Integration of WSI into PACS is clearly desirable. Pathologists consider WSI of much more diagnostic value than still images. A specific DICOM working group (WG26) was recently formed to achieve PACS/WSI integration.

A recent paper (Stud Health Technol Inform 2006;124:371-376) describes ongoing standardization efforts from the Integrating the Healthcare Enterprise, HL7, and DICOM in the field of pathology for defining a standard model of specimen (parts, blocks, and slides).

"Quality assessment studies in anatomic pathology show that each of the different steps from specimen processing to report editing may be the source of errors," said Dr. Christel Daniel-Le Bozec of L'Université Paris Descartes. "It is therefore important that information systems in pathology departments rely on a well-defined and shared standard specimen model."

Currently, information acquisition can be time-consuming, since pathology information systems are not integrated. Data must often be entered more than once, compounding opportunity for error. Orders, images, and reports are spread over different systems that do not communicate.

Daniel-Le Bozec's paper presents a methodology to integrate the anatomic department with the enterprise.

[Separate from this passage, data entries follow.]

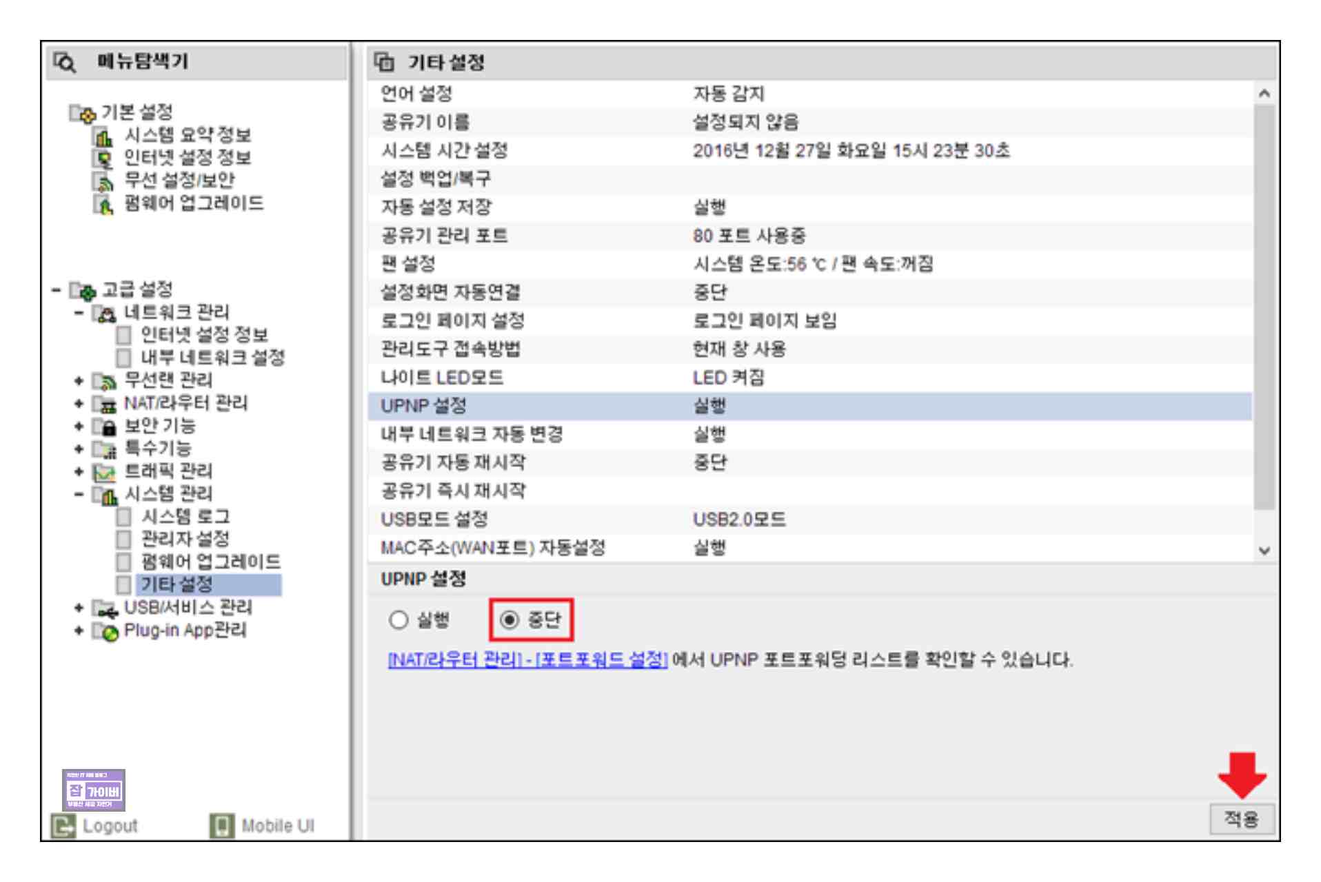 둘째, 일부 환경에서 공유기를 스위치(허브)로 변경 후, UPNP 포트포워딩 기능이 실행 중이라면 네트워크 장애를 유발시킬 수 있으므로 해당 기능을 중단해야 합니다.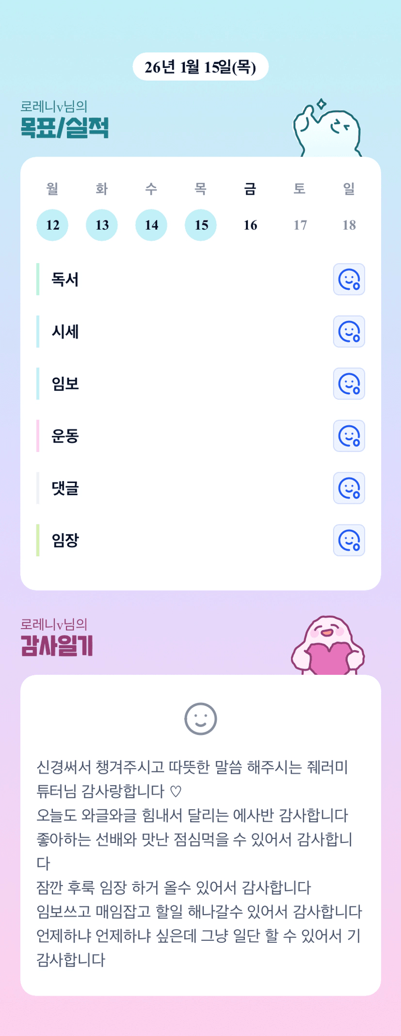 잘해내고 계신 레니님!! 오늘도 빠이팅입니다!! :)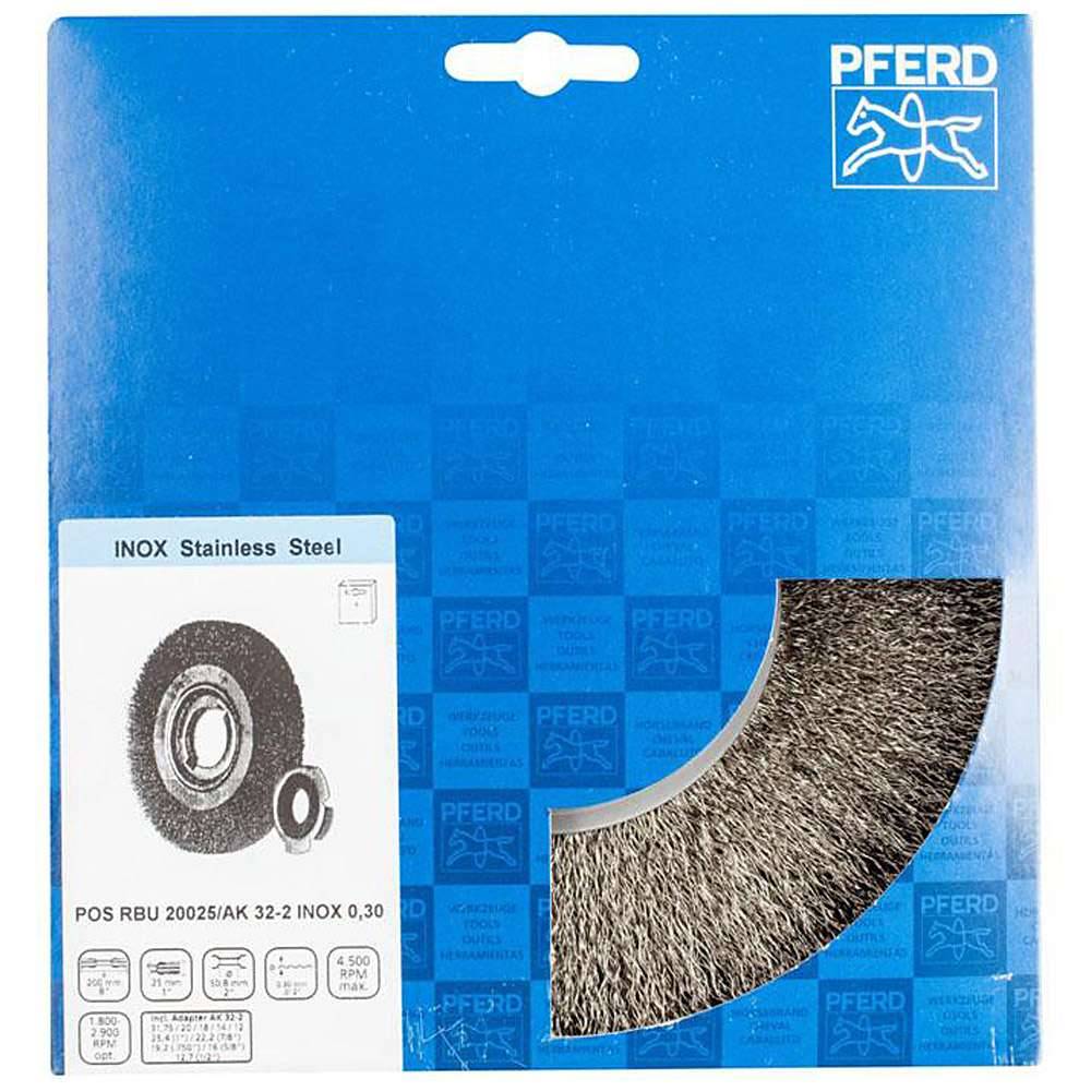 Bezeichnung: POS RBU 20025/AK32-2 INOX 0,30, Bürsten-Ø: 200 mm, Besatzmaße (B x L): 25 x 50 mm, max. Bohrungs-Ø: 50,8 mm, Besatzmaterial-Ø: 0,3 mm, empf. Drehzahl: 1800 - 2900 min-¹, max. zul. Drehzahl: 4500 min-¹
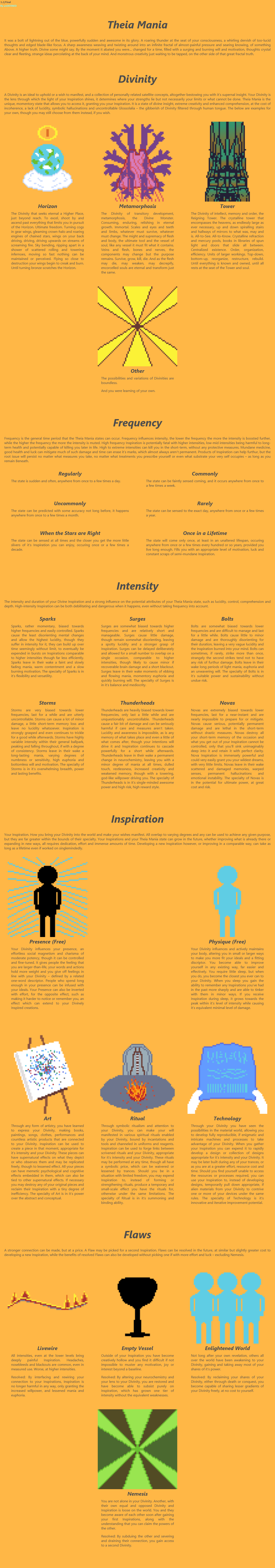 >>97361977Mage: the Ascension/awakening is the system. It's a little bit difficult to say really, every mage filters their magic through a paradigm, a way they see magic and its place in reality as a whole. If you get too flippant with magic around people who haven't been awoken then reality will try to assert itself and backlash on you.The closest is probably magic masquerading as sci-fi, as my mage's paradigm is based around engineering and science (arc weapons instead of casting 'lightning Bolt's). It also helps he's incredibly intelligent, allowing some of his gadgets to actually mechanically function without magic.Filtering magic through the lens of technology and nearish future sci-fi concepts let's him get away with more than most, as the consensus of reality has been exposed to enough of those concepts to believe they could exist. I have a much easier time getting around paradox backlash than say, our art streamer mage who paints things into reality or our daoist who uses 'chi' manipulation and various talismans.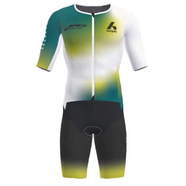 The suit has a concaved arm sleeve design with laser cut sleeves that sit close to the skin. Both the arm sleeve and leg sleeve lengths are optimised to truly maximise the aerodynamic effect of the material. Strategically placed turbulators and an aerodynamic striped material on the side panels add to the suits aerodynamic profile. A slightly deeper set neck opening and panels on the chest and upper-arm ensure optimal comfort in the upper-torso yet remain unrestrictive.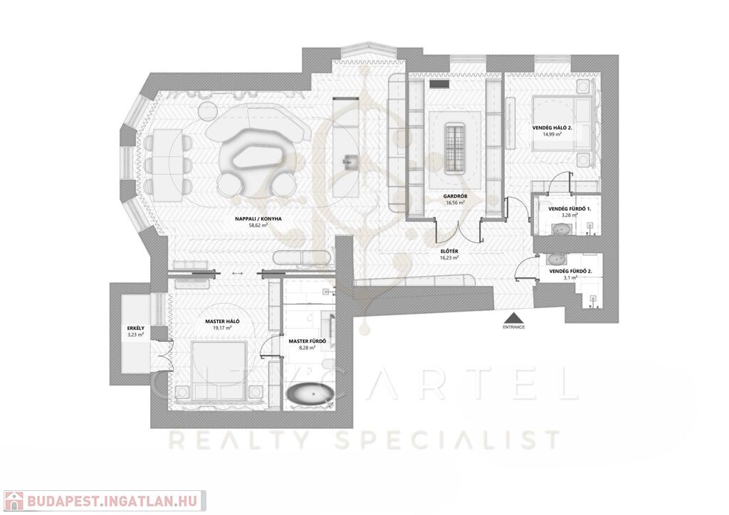 Budapest szívében, az V. kerületben várja új tulajdonosát ez a lenyűgöző, luxus téglalakás, amely egyedülálló lehetőséget kínál a városi élet szerelmeseinek. Az ingatlan 140 négyzetméter alapterülettel rendelkezik, így bőséges teret biztosít a mindennapi kényelmet és stílust keresők számára.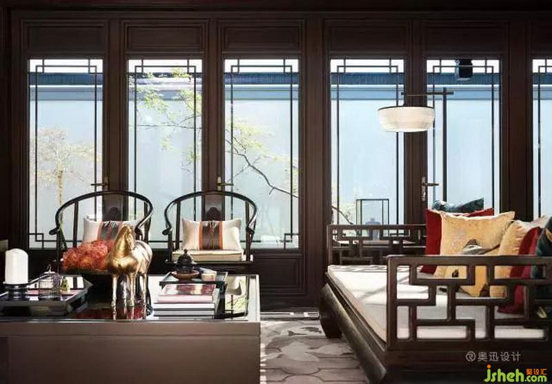 空间以米白、浅金与灰色这三种优雅色彩为基调,并用“中国红”来提亮空间。植入传统中式空间“木”,搭配极富手感的丝绸织物与真皮布艺,并缀以“牡丹花图案”于趟门、地毡、抱枕、夹绢玻璃中,藉以点明主题,渲染了一个拟态的“中国士大夫”式自在会客场所。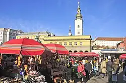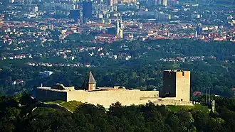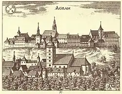 The name is probably derived from Proto-Slavic word *grębъ which means "hill" or "uplift". An Old Croatian reconstructed name Zagrębъ is manifested through the city's former German name, Agram.[31] Some linguists (e.g. Nada Klaić, Miroslav Kravar) propose a metathesis of *Zabreg, which would originate from Old Slavic breg (see Proto-Slavic *bergъ) in the sense of "riverbank", referring to River Sava. This metathesis has been attested in Kajkavian,[32] but the meaning of "riverbank" is lost in modern Croatian and folk etymology associates it instead with breg "hill", ostensibly referring to Medvednica. Hungarian linguist Gyula Décsy similarly uses metathesis to construct *Chaprakov(o), a putative Slavicisation of a Hungarian hypocorism for "Cyprian", similar to the etymology of Csepreg, Hungary.[33] The most likely derivation is *Zagrębъ in the sense of "embankment" or "rampart", i.e. remains of the 1st millennium fortifications on Grič.[32][31]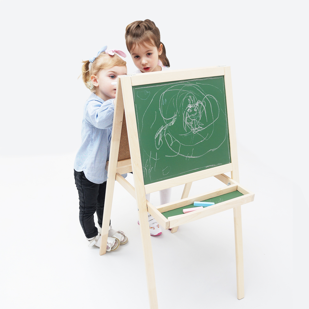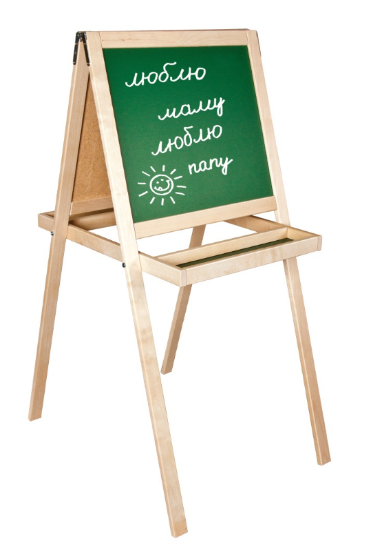 Мольберт может использоваться для письма и рисования, для этого он имеет двухстороннее комбинированное покрытие: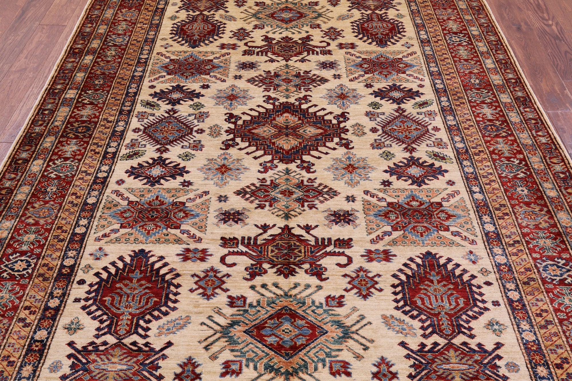Super Kazak rugs were woven in the south of Caucasus and are very regional in their designs. Super Kazak rugs are very traditional in look and the patterns can vary from geometric shapes, tribal designs like people and animals, and symbolic medallions. They are beautifully intricate and heavy in design. These rugs come in varieties of rich, warm, jewel tones that can liven up any space.

"Although standardization efforts conducted by HL7 and DICOM are progressing to provide integration solutions, HL7 or DICOM messages contain many optional data fields, so that being DICOM- or HL7-compliant does not necessarily imply integration," she said.

The principal contributions of this work were to analyze the specificity of anatomic pathology workflow with regards to radiology workflow, according to Daniel-Le Bozec. The diagnostic process in pathology differs from that in radiology since it is specimen-driven.

"When digital imaging is performed, many types of equipment - gross imaging, microscopic still imaging, WSI, multispectral imaging - may be involved for a single examination," she said.

In radiology, the diagnostic process is patient-driven. An examination usually involves a single image acquisition modality.

Another goal of the paper was to define the structure and content of cases, orders, image folders, and reports.

One issue was to define the links between information entities (order, image folder, report) and real-world objects (specimen, tissue samples, and slides), she said.

The paper documents the successful definition of XML schemas for case representation, based on DICOM Visible Light and DICOM Structured Reporting objects, and the development of a DICOM module to export DICOM image files and reports stored in PACS.